• _Data excerpts_:
*-*-*

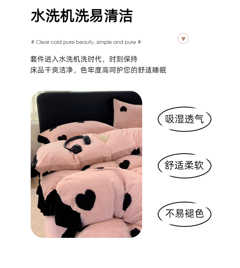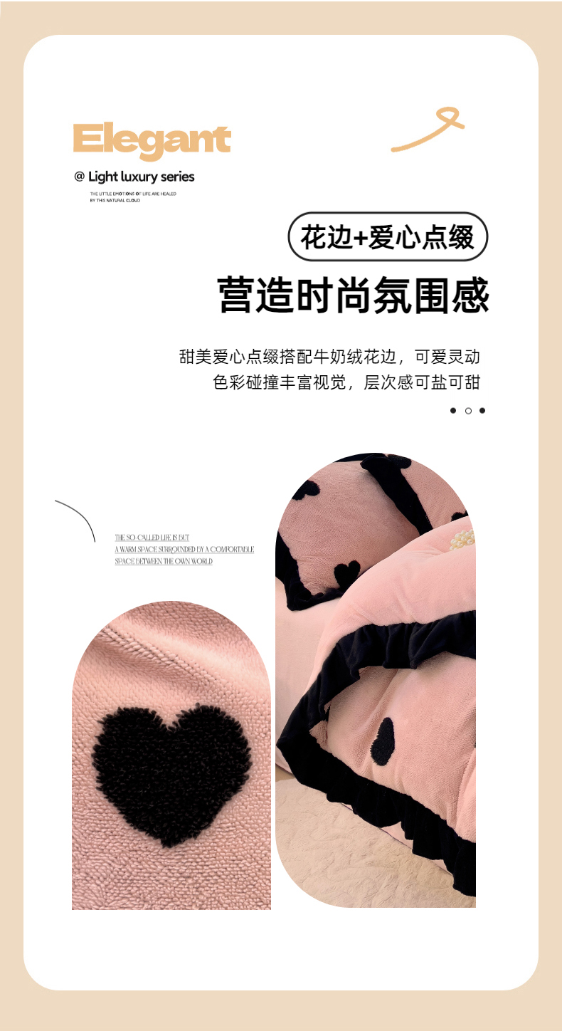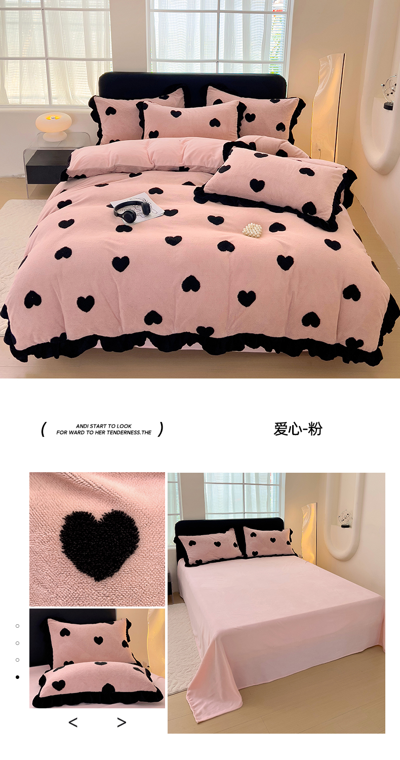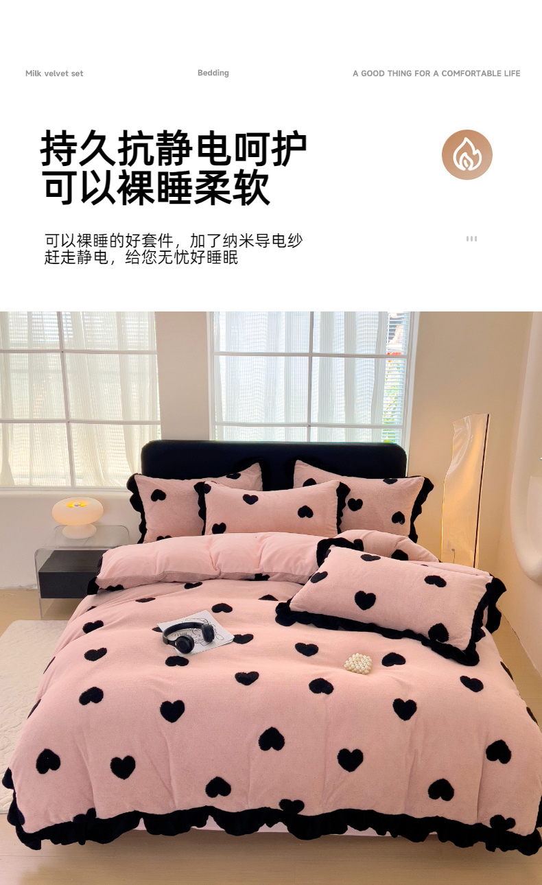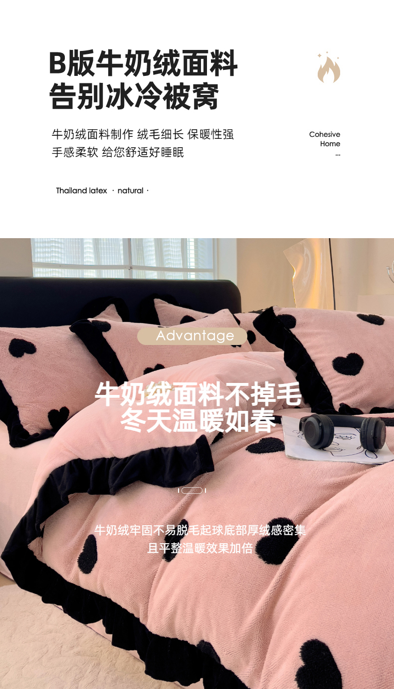 商品名称:米莱家纺 2024新款高克重剪花雕花阳离子牛奶绒四件套 爱心-粉
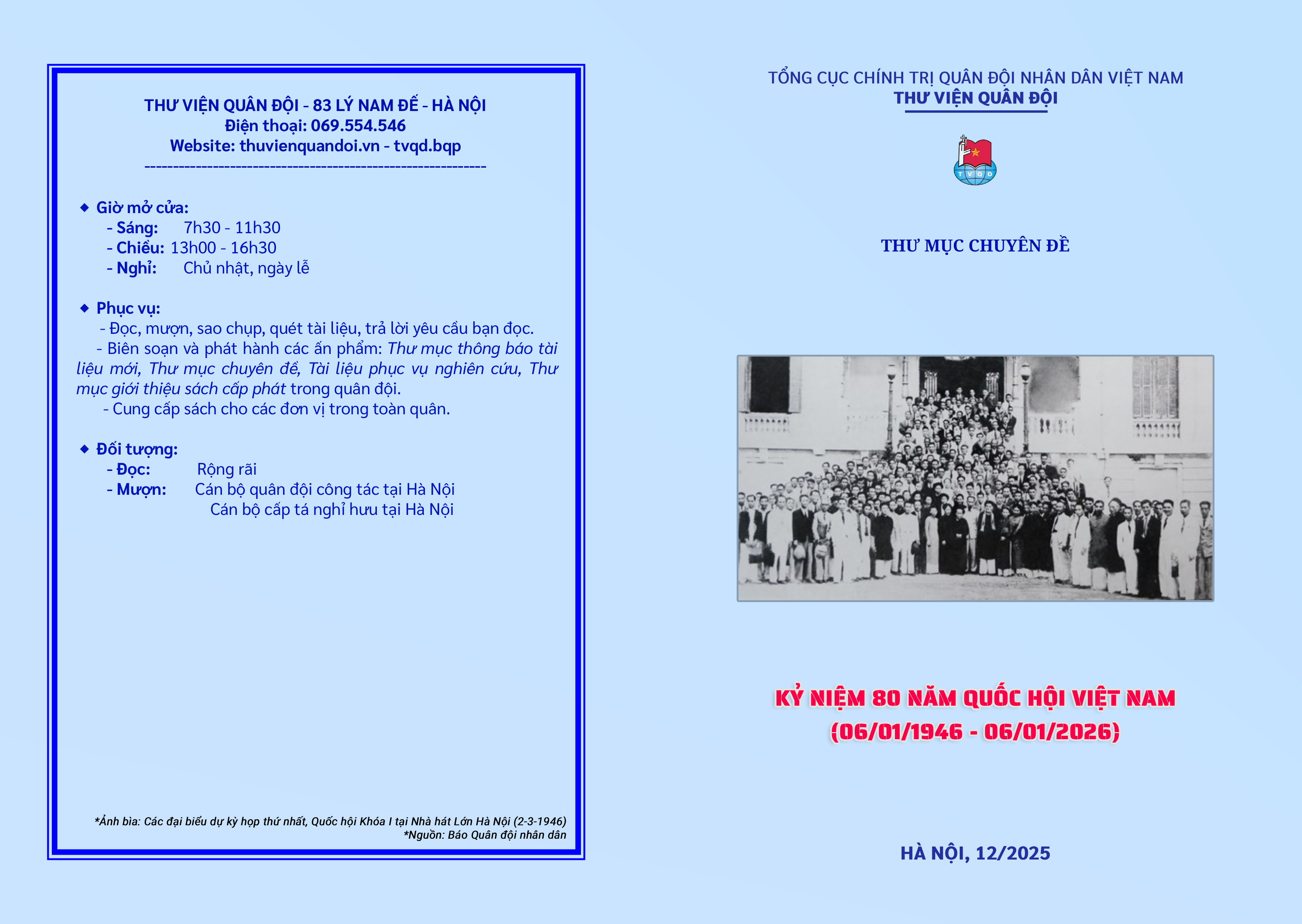 Nhân dịp kỷ niệm 80 năm Ngày Tổng tuyển cử đầu tiên bầu ra Quốc hội khóa I nước Việt Nam Dân chủ Cộng hòa, nay là nước Cộng hòa xã hội chủ nghĩa Việt Nam (06/01/1946 - 06/01/2026), Thư viện Quân đội biên soạn Thư mục chuyên đề “Kỷ niệm 80 năm Quốc hội Việt Nam (1946-2026)” nhằm tuyên truyền, giới thiệu những tài liệu quý về sự kiện lịch sử này đang được lưu trữ tại Thư viện Quân đội.
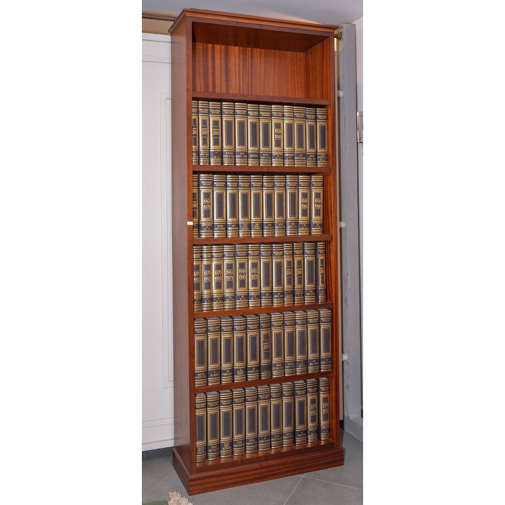LIBRERIA APPOSITAMENTE REALIZZATA CON 57 VOLUMI DELLA ENCICLOPEDIA TRECCANI. 1949 – 2000. La storica enciclopedia dell’Istituto della Enciclopedia Italiana – Treccani ormai parte della cultura italiana. Enciclopedia completa di tutte le Appendici fino al 2000.
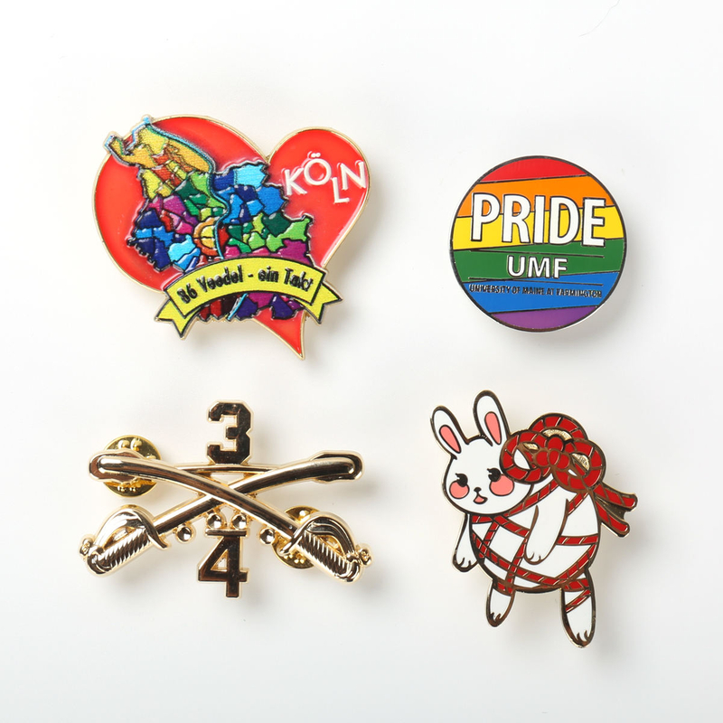 مواد عالية الجودة: نحن نفخر باستخدام أفضل المواد فقط لدبابيس التلبيب المخصصة لدينا.اختر من بين مجموعة متنوعة من خيارات المعادن ، بما في ذلك الذهب والفضة والنحاس والنحاس الأصفر ، للتأكد من أن دبوسك يتمتع بالشكل والمظهر المثاليين.تتميز دبابيسنا أيضًا بطبقة متينة ومقاومة للخدش ، مما يضمن بقاء التصميم الخاص بك نابضًا بالحياة وسليمًا لسنوات قادمة.
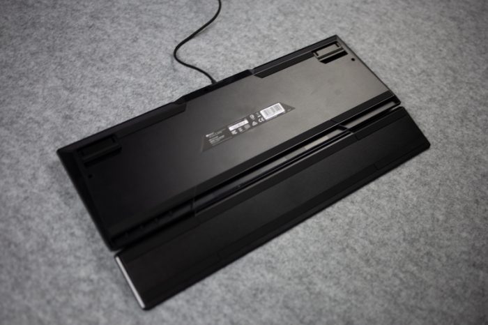 键盘底部到是没有什么太多可以聊的地方,设计比较简约。唯一值得说的就是那横穿整个键盘底面的防滑脚垫,这个设计跟人体工学手托是一致的,其抓地能力自然不言而喻。但是官宣上并没有说它支持防水,所以导水孔并没有见到,爱在电脑边吃饭喝水的用户需要多加注意。
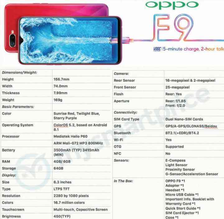 Demnach soll das Oppo F9 mit einen 6,3″ IPS-Display mit 2.280 x 1.080 Pixeln Auflösung erscheinen. Im Inneren soll der 2 GHz MediaTek Helio P60 Octa-Core-Prozessor nebst ARM Mali-G72 GPU werkeln, dieser soll wahlweise von 4 GB oder 6 GB RAM unterstützt werden. Der interne Speicher soll 64 GB groß sein.
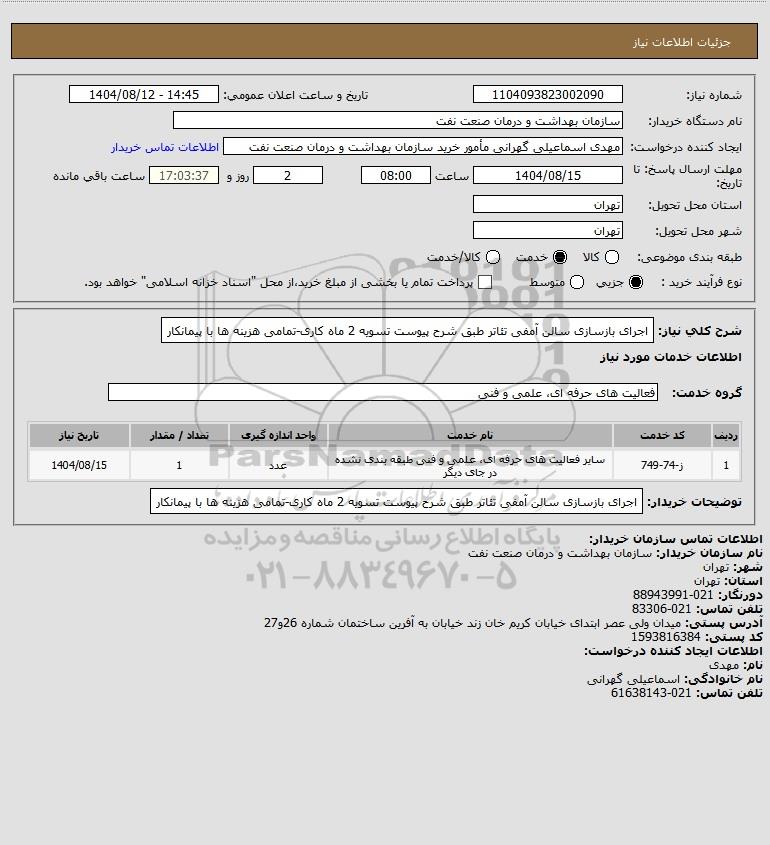 نام دستگاه خریدار:سازمان بهداشت و درمان صنعت نفت

*-*-*

• _WHAT TO WORK ON_: With the pictures left out, copy exactly the lines above from the line containing "键盘底部到是没有什么太多可以" through the last line of the entries.

• _OUTPUT OF THE TASK_:
 键盘底部到是没有什么太多可以聊的地方,设计比较简约。唯一值得说的就是那横穿整个键盘底面的防滑脚垫,这个设计跟人体工学手托是一致的,其抓地能力自然不言而喻。但是官宣上并没有说它支持防水,所以导水孔并没有见到,爱在电脑边吃饭喝水的用户需要多加注意。
 Demnach soll das Oppo F9 mit einen 6,3″ IPS-Display mit 2.280 x 1.080 Pixeln Auflösung erscheinen. Im Inneren soll der 2 GHz MediaTek Helio P60 Octa-Core-Prozessor nebst ARM Mali-G72 GPU werkeln, dieser soll wahlweise von 4 GB oder 6 GB RAM unterstützt werden. Der interne Speicher soll 64 GB groß sein.
 نام دستگاه خریدار:سازمان بهداشت و درمان صنعت نفت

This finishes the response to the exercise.